Find the line containing "minimalist drug concept" in the entries; transcribe it and all remaining lines through the end, exactly as they appear, but not the pictures.
Top of Data records
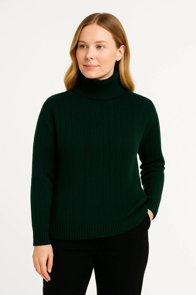 Balıkcı Yaka Bağazlı Triko Kazak Pamuklu Kalın Fitilli Dokuma – Haki
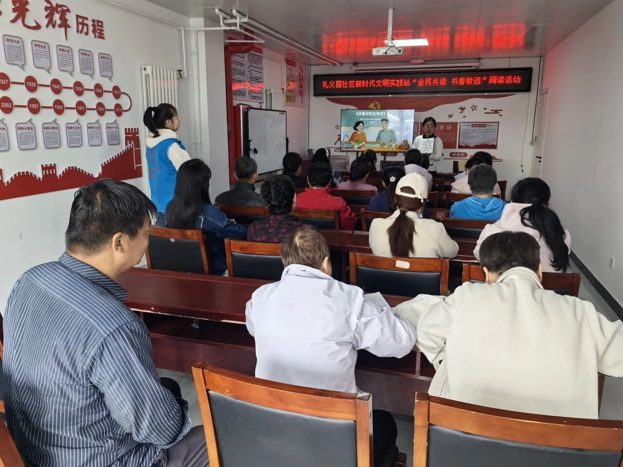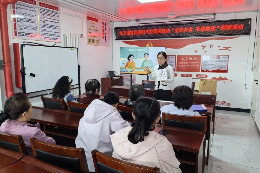 为迎接世界读书日,践行全民阅读理念,普及科学饮食养生知识,礼义园社区开展“全民共读 书香致远”阅读活动,邀请行知书店专业老师走进社区,引导居民掌握科学饮食知识,搭建邻里互动交流平台。
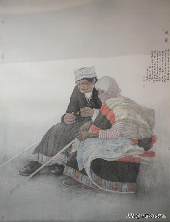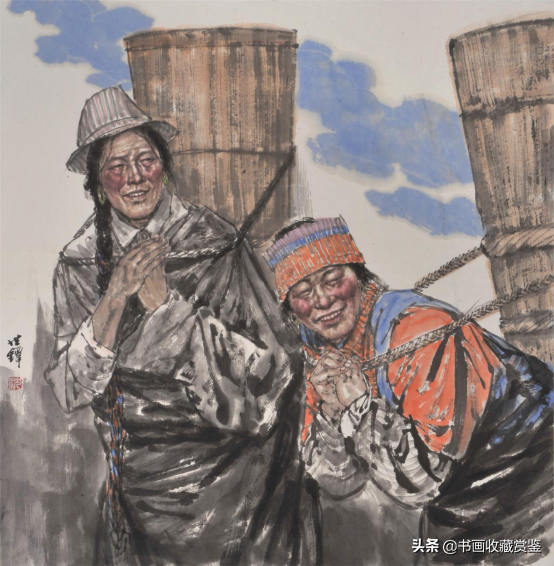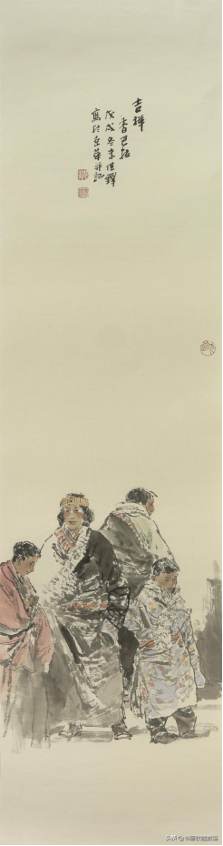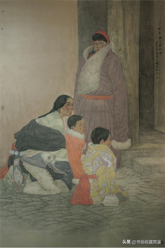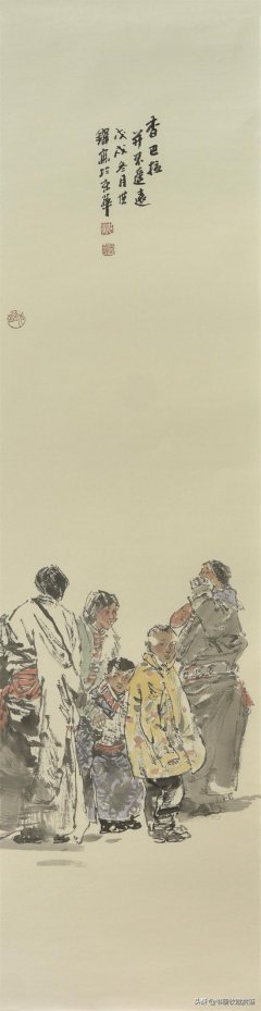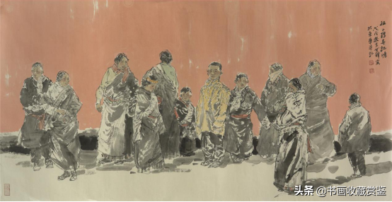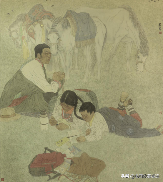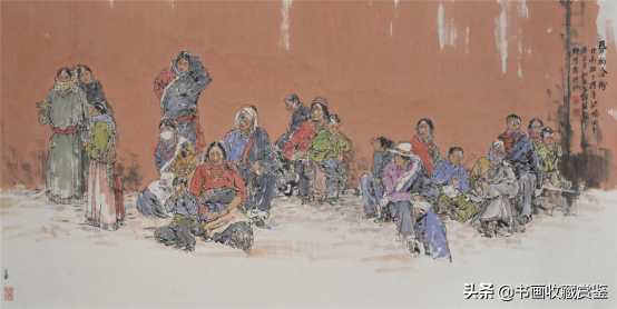 当然,这种内在情感与形式语言的紧密契合,在某种意义上与他常年深入西藏高原,描写西藏高原,从中感受那一片对宗教对艺术的虔诚的心境有关。在作品《春的企盼》中,红色的喇嘛庙墙外休憩的藏民,浓烈的红色衬托出藏民的一张张笃定、虔诚、淳朴的面孔,平淡却历久弥香。长卷中骑马的男子,围坐的家族,欢歌的人群,还有嬉戏的儿童,绿油油的草地上,把西藏纯净和完美,藏民虔诚和净化用其自己的语言描绘的淋漓尽致。当然,这不仅仅是对藏民的描绘,在我个人看来,更多是沈先生自我的一种寄予,一种理想抑或一种内心的独白。
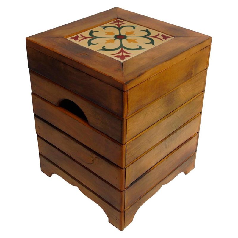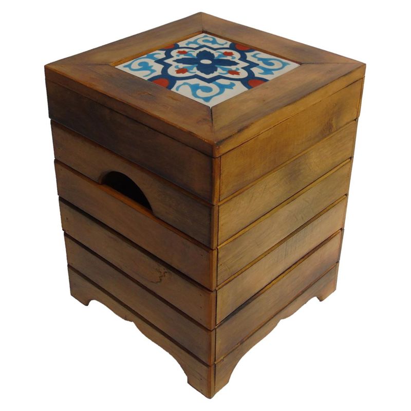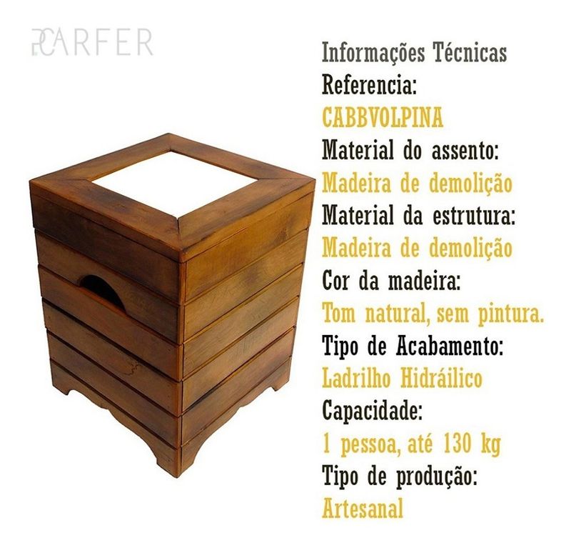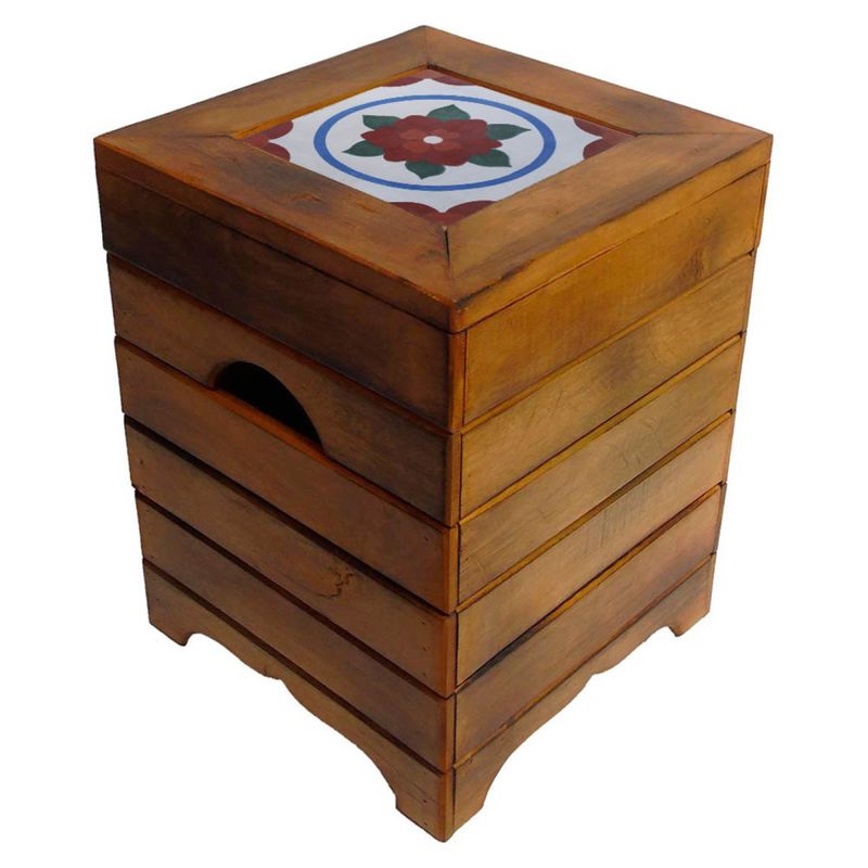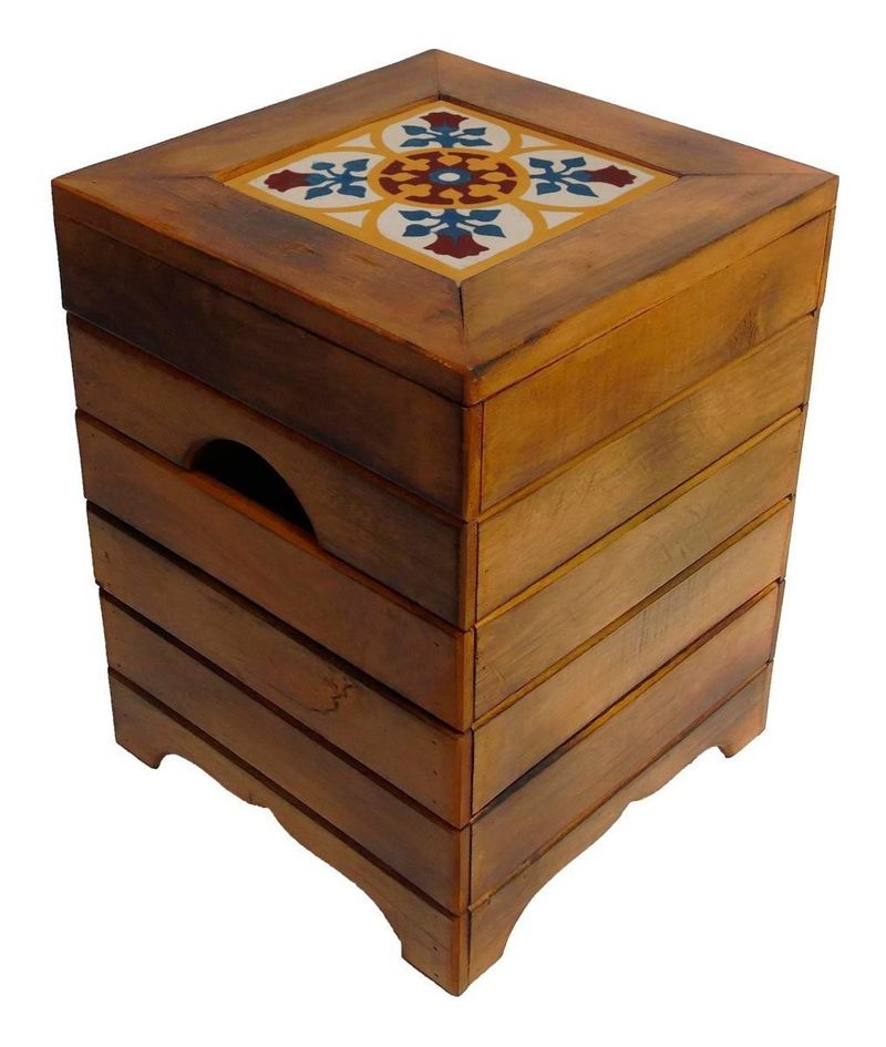 Banco Baú Rústico com Ladrilho Hidráulico: Versatilidade, Charme e Durabilidade para Sua Casa! Desfrute da praticidade, beleza e aconchego do Banco Baú Rústico com Ladrilho Hidráulico, uma peça única e artesanal que irá transformar o seu ambiente. Feito à mão por talentosos artesãos, este banco combina com diversos estilos de decoração e oferece diversas funcionalidades, sendo perfeito para quem busca: Um móvel versátil: pode ser utilizado como banco, mesa de centro, apoio para os pés, mesinha de cabeceira ou até mesmo como baú para guardar objetos. Um toque de charme e personalidade: o design rústico da madeira de demolição e o ladrilho hidráulico artesanal criam um visual único e cheio de personalidade que irá valorizar qualquer ambiente. Um investimento em qualidade: a utilização de materiais de alta qualidade e o cuidado na produção garantem que este banco irá durar por muitos anos, sem perder o seu charme natural. Mais do que apenas um banco: Estilo atemporal: combina com diversos estilos de decoração, desde o moderno até o clássico. Presente original: é um presente ideal para quem aprecia peças únicas e de qualidade. Sustentabilidade: a utilização de madeira de demolição contribui para a preservação do meio ambiente. Detalhes do banco: Material: madeira de demolição e ladrilho hidráulico artesanal Estilo: rústico e vintage Funções: banco, mesa de centro, apoio para os pés, mesinha de cabeceira, baú Dimensões: Peso: 8,170 kg Altura: 45 cm Largura: 34 cm Comprimento: 34 cm Capacidade de peso: 130 kg Produção: artesanal Acabamento: sem pintura na madeira, com ladrilho hidráulico Extras: baú sob o assento Observação: por ser um produto artesanal, a madeira pode apresentar variações na tonalidade, evidenciando a sua autenticidade e charme.
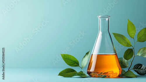 minimalist drug concept featuring glass flask with orange liquid and green leaves
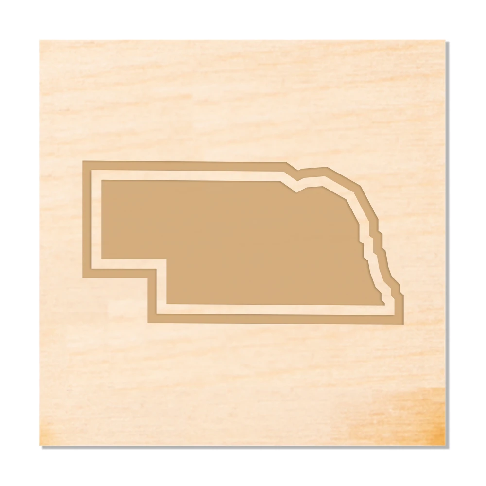Nebraska State Outline. Laser Etch on 1/8 inch Baltic Birch wood. 4×4″ clear sealed and back stained black. Designed by RAYGUN and printed by Union Labor at RAYGUN.
Bottom of Data records
- **Answer area**
 minimalist drug concept featuring glass flask with orange liquid and green leaves
Nebraska State Outline. Laser Etch on 1/8 inch Baltic Birch wood. 4×4″ clear sealed and back stained black. Designed by RAYGUN and printed by Union Labor at RAYGUN.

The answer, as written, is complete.